What brought him to Ireland? Ali is originally from North London (he jokes that he is related to Muhammad Ali) and grew up with kids from all different backgrounds. His mum was from Cyprus but moved to England in the ‘60s to have a better life. She worked hard to bring up the five children on her own in a country where she could barely speak the language.

“It was only when my mum died that I felt like my anchor was lifted and I was free to sail. Other than that I wouldn’t have dreamed of moving away from her. I had two kids living on the tenth floor of a tower block a council flat and used to get out of the lift on the ninth because that’s as far as it went, stepping over junkies with syringes hanging out of their arse and thought: “I can’t bring my kids up in this. and Sue was of Irish descent and she used to come here as a child and she would bring the kids here for the summers. We couldn’t afford a place in London so Sue suggested we look at places in Ireland and I trusted her with my life as she always considered everyone in her decisions. We had nothing to lose. We took a chance and it is the best decision I’ve ever made.” In 1996 they moved to Ireland to have a better life.

What is his Raison D’Etre; his reason for being and doing what he does?

If you can help someone to be true to themselves and to encourage them to do something that they didn’t believe they could do and they end up doing it. Happy Days know what I mean?

Ali with DJ Baw

Photography Katherine Michael

"It’s just a coincidence that I found this job when I did because I needed something for me, yes I am getting more by giving to the students…..it is in the giving that I am receiving. If I can help just one or two people it makes it all worthwhile. I came to IADT to be part of something that happens that is wonderful and I get paid for it which is even better because I don’t have to do something else. That is what keeps me going” He reminds me it’s not often someone finds something they love doing and can do it.

And his advice to students: “Follow your heart. Let it go to where it goes, just let yourself go. Don’t be afraid of doing something you are not sure about. (When he graduated he, screen printed a T-Shirt with the IADT logo with the words I did it!) Just do it as long as you are not harming anyone or anything. If you make a mistake, it doesn’t matter – it’s part of being a student.

I’m not here for a big salary or nothing like that. Purely for the love of what I’m doing. I still feel like I am a student here being paid.

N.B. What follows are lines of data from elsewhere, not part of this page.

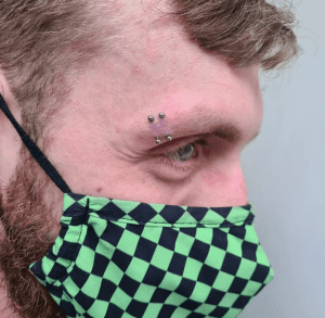 Eyebrow piercing performed by Jane at Eternal Gold in Glasgow with an implant grade titanium curved barbell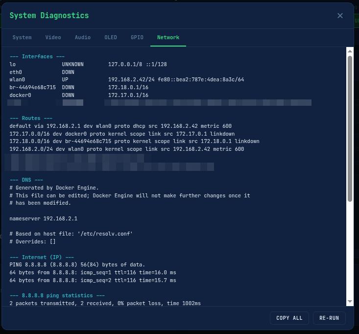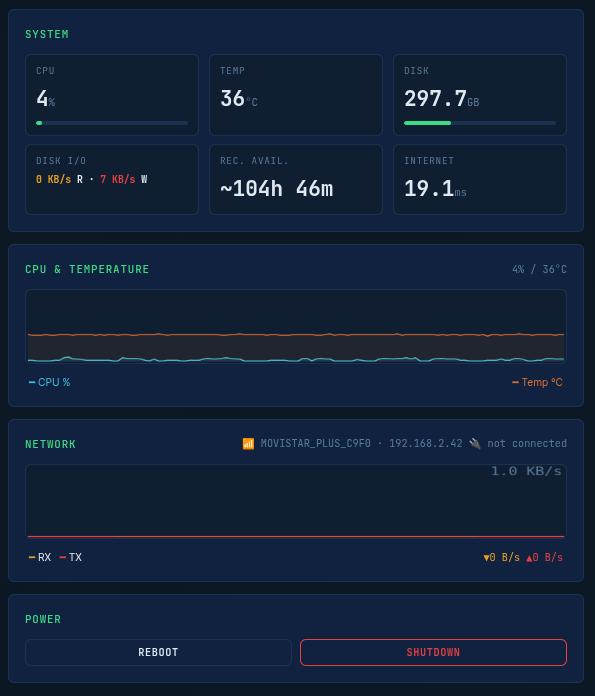 psutil.cpu_percent(interval=None) instead of interval=1 (eliminates a 1-second blocking call)/sys/class/thermal/thermal_zone0/temp (instant file read) instead of vcgencmd subprocesscollections.deque(maxlen=120) for CPU/temp/network metrics (~2KB memory). Sent to the browser on WebSocket connect for instant chart restoration.The Docker entrypoint (entrypoint.sh) traps SIGTERM to ensure clean shutdown: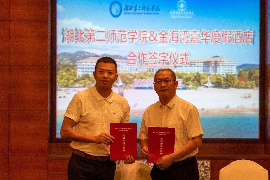 在学院领导、酒店管理层及学生的共同见证下,湖北第二师范学院经济与管理学院刘元锋书记以及金海湾度假酒店总经理余波先生共同签署校企合作协议书,它将开启湖北第二师范学院与金海湾嘉华度假酒店校企合作项目的新篇章。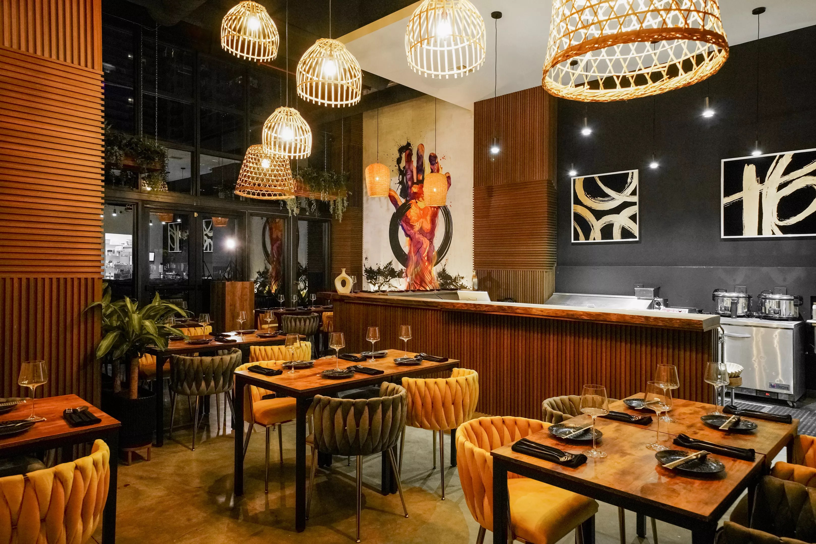 The dining area features a minimalist design with warm wood tones, velvet chairs, handmade lamps, an open kitchen, and a five-seat bar, providing an intimate setting for sushi lovers.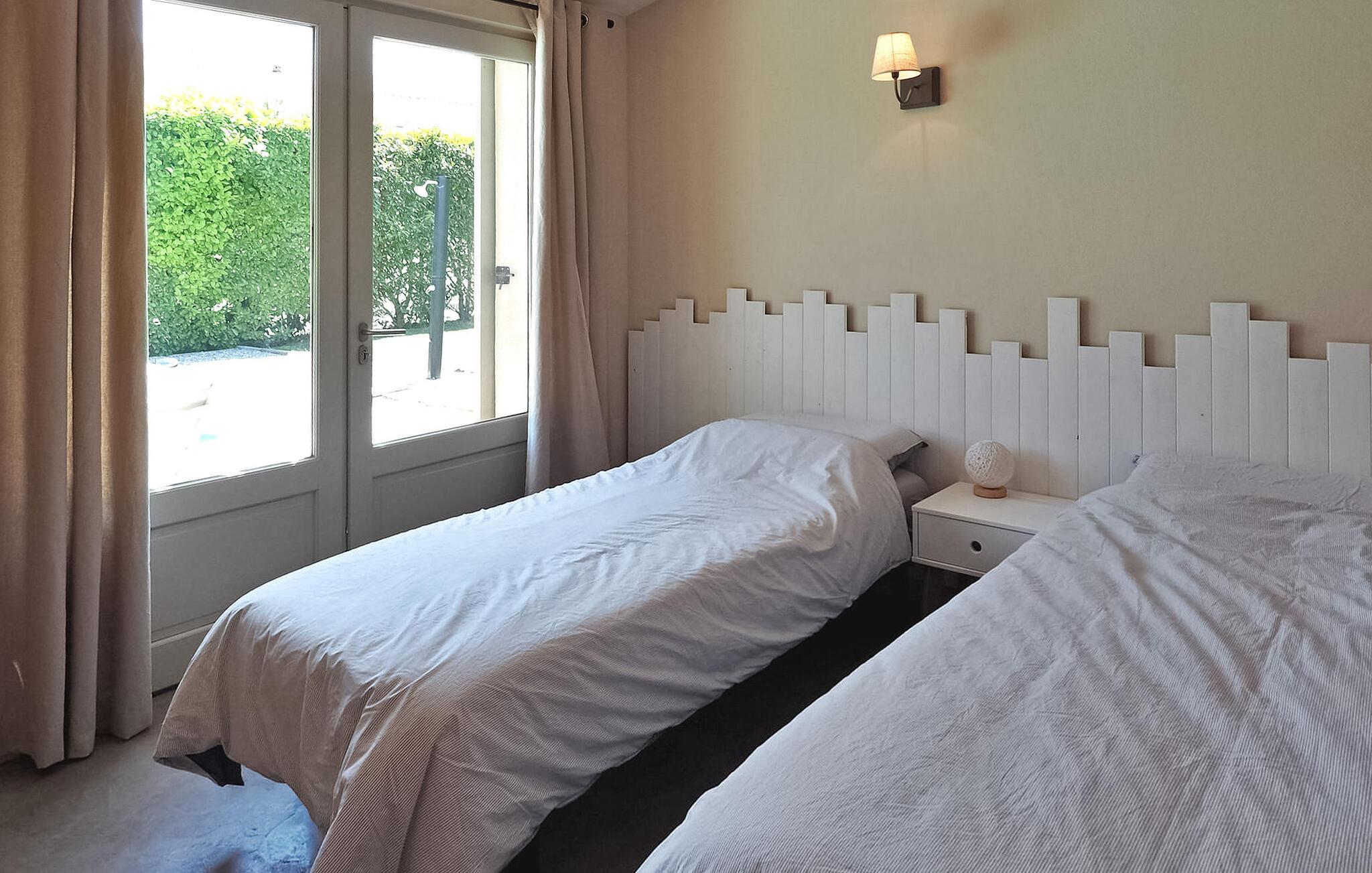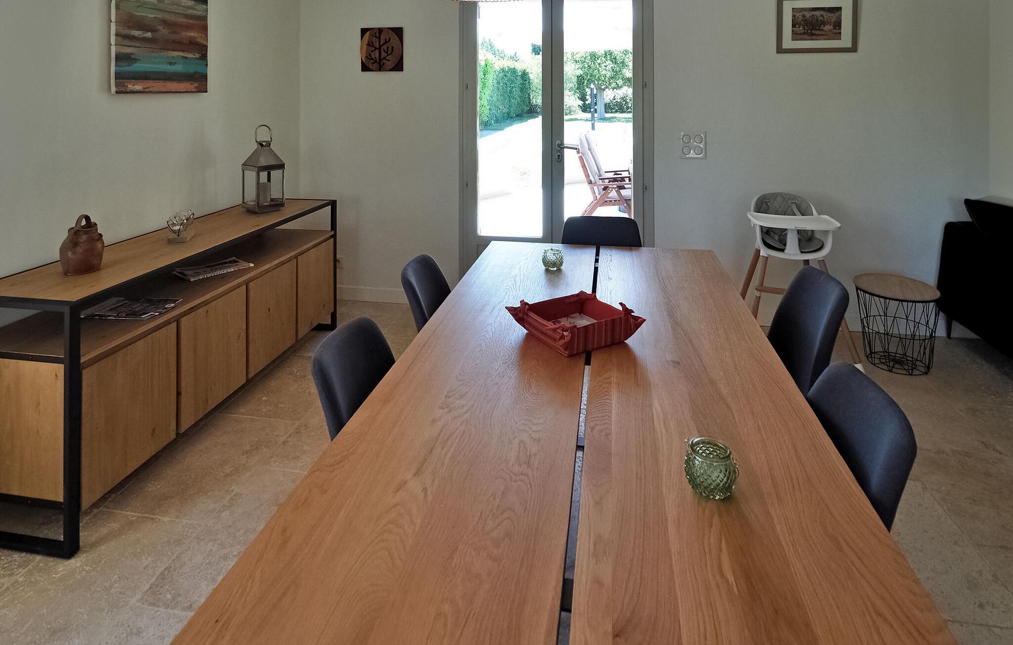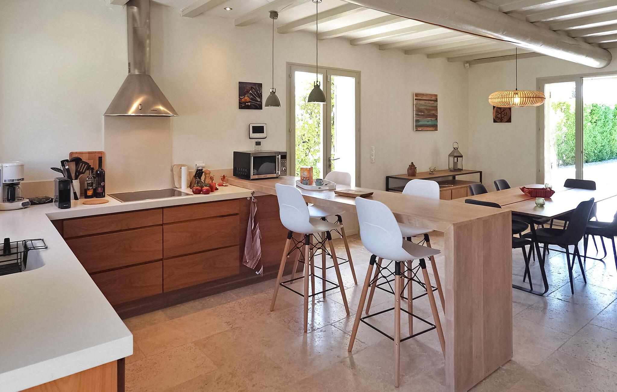 Das Ferienhaus Paradou in Alpilles, Provence, liegt in der Nähe des Dorfzentrums. Dieses einstöckige Anwesen verfügt über große Erkerfenster, die zu einer überdachten Terrasse und einem privaten Poolbereich führen. Das Haus verfügt über eine klimatisierte Küche mit zentraler Kochinsel, einen Essbereich und eine TV-Lounge, die jeweils ebenfalls klimatisiert sind. Die Küche ist mit diversen Geräten ausgestattet. Die klimatisierten Schlafzimmer verfügen alle über ein eigenes Bad. Im Außenbereich verfügt das Anwesen über einen privaten Swimmingpool (9,5 x 4,5 m), Liegestühle, eine Solardusche und eine Speiseterrasse. Bewundern Sie den Brunnen mit seinen Fischen auf dem Parkplatz. Seien Sie jedoch vorsichtig, wenn sich kleine Kinder in der Nähe des Brunnens aufhalten. Der autonome Rasenmäher darf während seiner Mährunde nicht bewegt oder behindert werden, das Besteigen ist selbstverständlich verboten. Das Haus liegt ideal an der Kreuzung aller Gemeinden der Alpilles, um die Alpilles zu entdecken. Paradou ist ein charmantes, renoviertes, ruhiges Dorf, der Verkehr ist dort beruhigt, Radwege und ein Fahrradverleih sind vor Ort. Ausgangspunkt der Wanderung und Zugang zum Alpilles-Massiv vom Dorf aus. Massif du Luberon etwa 1 Autostunde im Osten und Nîmes im Westen. Die Strände von Saintes-Maries-de-la-Mer sind 60 km entfernt. In der Nähe im Ort: Bäcker, Metzger, Supermarkt, Bar, Fahrradverleih, Friseur, Dienstagmorgenmarkt, Veranstaltungen in der Sommersaison.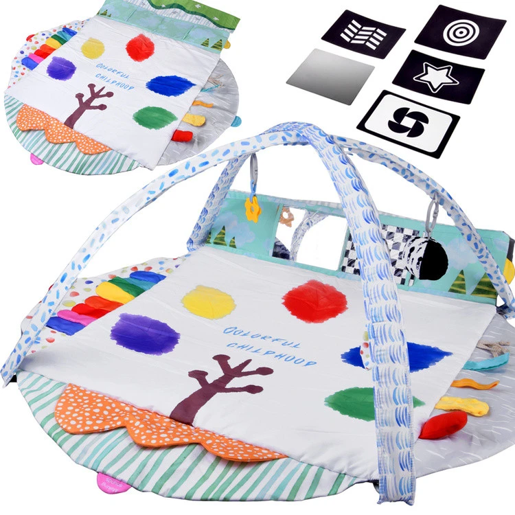 Nagy 2 az 1-ben oktató játszószőnyeg kerek, szuper puha, interaktív babáknakMiért válassza a játszószőnyegünket?Tágas és szuperpuha felület ndash; a kivételesen finom anyagból készült nagy, kerek szőnyeg kényelmet és biztonságot nyújt a kicsinek fekvés, ülés vagy mászás közben. Tökéletes az érzékeny bababőr számára.2 az 1-ben ndash; játszószőnyeg és aktivitásteremÍvekkel ellátott oktatószőnyeg: két rugalmas ív alkot játékkarikát, szövetborítással.Önálló játszószőnyeg: az ívek eltávolítása után kényelmes hellyé válik a hasonléthez és a szabad játékhoz.Interaktív függőjátékok ndash; a készlet tartalmaz egy tükröt, rágókát, plüssjátékot, kontrasztkártyákat és egyebeket. Serkentik a baba érzékszerveit, ösztönözve a nyúlásra, a megfogásra és a felfedezésre.Stimuláló dizájn ndash; a kontrasztos minták, a gyűrött anyagok és a színes részletek felkeltik a baba figyelmét, miközben fejlesztik a vizuális, hallási és tapintási érzékelést.Könnyen összeszerelhető és tárolható ndash; könnyű szerkezetének köszönhetően gyorsan összecsukható és kényelmesen hordozható útközben.Könnyen tisztítható ndash; a higiénikus anyagok biztosítják, hogy a szőnyeg könnyen karbantartható és friss maradjon.Az oktató jellegű játszószőnyeg használatának előnyei:Motoros fejlődés ndash; támogatja a megfogás, rúgás, átfordulás és a fej felemelésének megtanulását.Érzékszervi stimuláció ndash; a különféle textúrák, színek és hangok fejlesztik a látást, a hallást és a tapintást.Biztonságos környezet ndash; a puha és stabil konstrukció biztonságos játékteret teremt.Szülői támogatás ndash; értékes, fejlesztő játékban tartja a babát.Specifikációk:Méretek: 125 x 110 x 1 cmAnyag: szuper puha, bababarát szövetA készlet tartalma: szőnyeg, 2 db ív, interaktív függőjátékok (tükör, kontrasztkártyák, csillag alakú rágóka, puha kontrasztlabda, csörgő, gyűrődő elemek).Oktatójáték szőnyeg ndash; praktikus és kényelmes választás babáknakA játszószőnyeg minden babakelengye egyik nélkülözhetetlen kelléke. Ez a szett kiváló választás, mivel ötvözi a praktikumot, a kényelmet és a funkcionalitást. Puha, biztonságos, könnyen tisztítható, és ami a legfontosabb ndash; a gyermekkel együtt növekszik, alkalmazkodva a fejlődés minden szakaszához.

It’s an amazing place to be - not just the energy from the students but from the tutors. I am very grateful to Amanda Ralf (his tutor) without her the UFO wouldn’t have come about.

When I was 18 I worked for a company in London called DesArt. It was so creative I absolutely loved it.” Whenever his boss got a commission from BBC or wherever, he gathered all the staff and listened to all ideas - everyone was involved in the process. Ali loved that and in a way IADT became a continuation of that. ”I should have carried on when I left there, I should have figured it out but I didn’t until now…”

We are all glad he didn’t figure it out until now. Doing what you love is having true abundance. “Work is love made visible” as it says in The Prophet.